Background: I'm writing ASP.NET MVC 3 Web app. I have a List<MyObject>
(actually several lists) of objects I want to keep in cache due to handy automatic expiration feature and thread-safety.
Each of those objects internally contains instance of System.Threading.Semaphore
used for internal Server push implementation.
So I wonder how will change my objects' lifecycle if I put them into cache? May this create problems with threading/NullReferenceExceptions if cache actually disposes objects it purges/etc.? Maybe some other obvious reasons not to do this?
TIA.
The cache doesn't explicitly dispose objects when they are ejected from the cache for whatever reason. You could prove this by testing it, but if this was the case it would be in the documentation, and it isn't:
http://msdn.microsoft.com/en-us/library/system.web.caching.cache.aspx
The lifecycle of the objects in the cache may be extended by being in the cache, since the cache is holding a reference to them. If you want to avoid this you can instead cache a weak reference.
http://msdn.microsoft.com/en-us/library/system.weakreference.aspx
If you do this there should be no lifecycle implications of storing the reference in the cache.

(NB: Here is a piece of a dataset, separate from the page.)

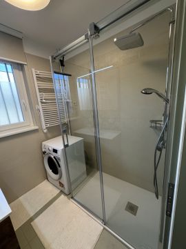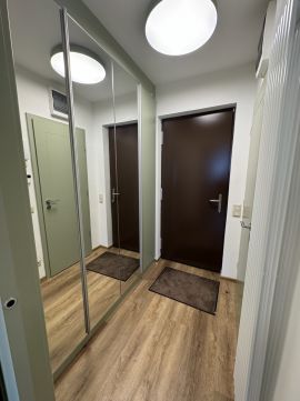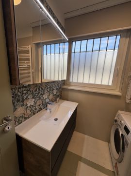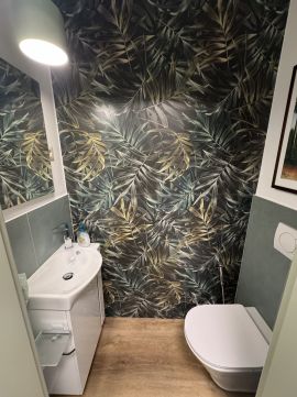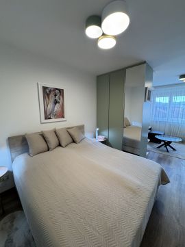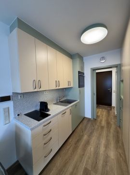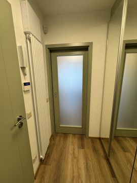 Az előszobába lépve hatalmas tükrös gardrob fogad, ami nemcsak befogad minden kabátot és cipőt, hanem tágas térérzetet ad mindjárt a megérkezéskor. Balra a mosdó aminek hangulatos design csempéje üde színeket ad a helyiségnek. Szemben tovább haladva a gépesített konyhába érkezünk , amely az egész lakás egyedileg gyártott bútoraihoz hasonlóan törtfehér és finom zöld színekben lett kialakítva. A lakás tulajdonképpen egyterű, de a belsőépítész által tervezett bútorok körbehatárolják a konyhát, illetve egy hálószobát, ahol a hatalmas, 180 cm széles kényelmes ágy kapott helyet. A hálóból nyílik a zuhanyzós és ablakos fürdőszoba , ahol mosó-szárítógép is helyet kapott, melynek segítségével nem kell a lakásban ruhaszárítót kerülgetni. Aki már lakott kis lakásban, tudja milyen fontos ez.

One thing to think about - you say you want to use the cache because it is thread safe. You should be aware that the cache object itself is thread safe, but if you cache a non-thread safe object in the cache that won't make the cached object itself automatically thread safe. Specifically List<T>
is not thread safe and storing it in the cache won't change this. Use the concurrent collections if you want to ensure thread safety.